How how I can complete this new model and use it concretly with the material of my simple example?

def new_model(data):
    loc = numpyro.sample("loc", dist.Cauchy(0.,10.))
    concentration = jnp.ones(1)
    d = svi_result.params['auto_scale_tril'].shape[0]
    corr_cholesky = numpyro.sample("corr_cholesky", dist.LKJCholesky(d,concentration))
    scale = numpyro.sample("scale", Exponential(...))
    scale_tril = corr_cholesky * scale[..., None]

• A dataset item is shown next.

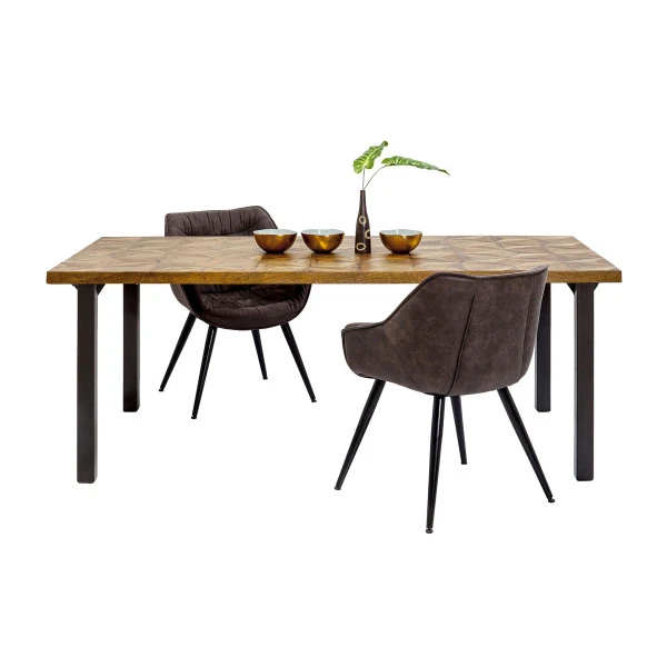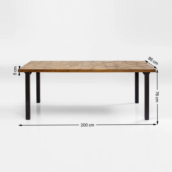 De Kare Design Illusion Gold eettafel heeft een mozaïek patroon dat zó bijzonder is, dat je er eigenlijk geen pannen en borden op wil zetten! Toch blijft er ook dan genoeg om naar te kijken. De eettafel biedt met een breedte van 200 centimeter heel wat ruimte voor lekkere maaltijden, waar je samen met vrienden of familie van kunt genieten. Dankzij de mix van hout en staal heeft de eettafel een stoere uitstraling.
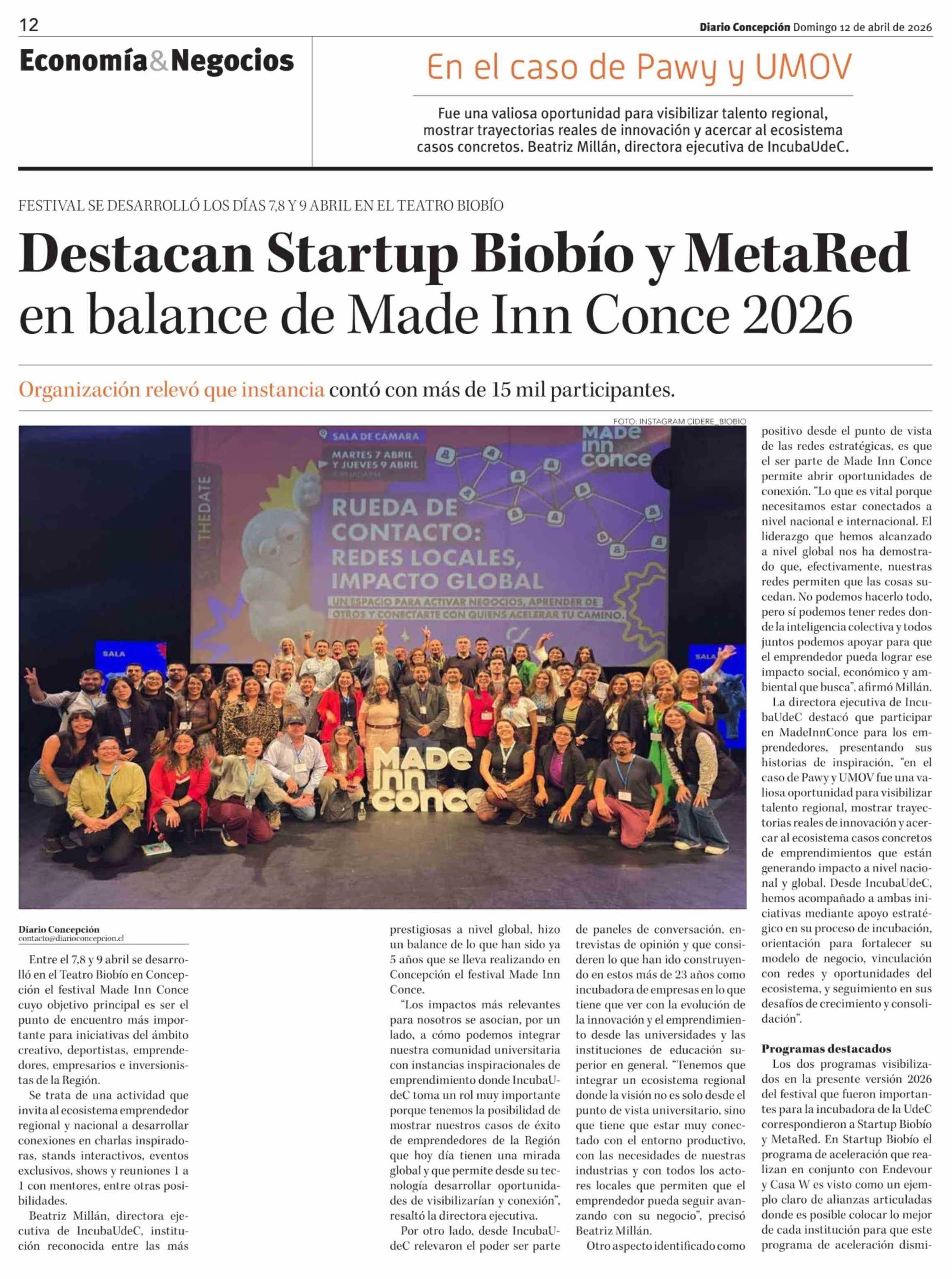 Destacan Startup Biobío y MetaRed en balance de Made Inn Conce 2026 12-04-2026 Diario Concepción |

    # check svi_result.params or svi.get_params(state) for correct keys
    params = {"auto_loc": loc, "auto_scale_tril": scale_tril}
    neutra = NeuTraReparam(guide, params)
    neutra_model = neutra.reparam(my_model)
    return neutra_model(data)

I guess you can use Exponential(rate) prior for scale_tril, where rate is inverse of square root of the diagonal part of (auto_scale_tril @ auto_scale_tril.T). And for loc prior, you can use Normal(auto_loc, 1) I guess. I.e. I am setting priors based on my prior knowledge from svi results.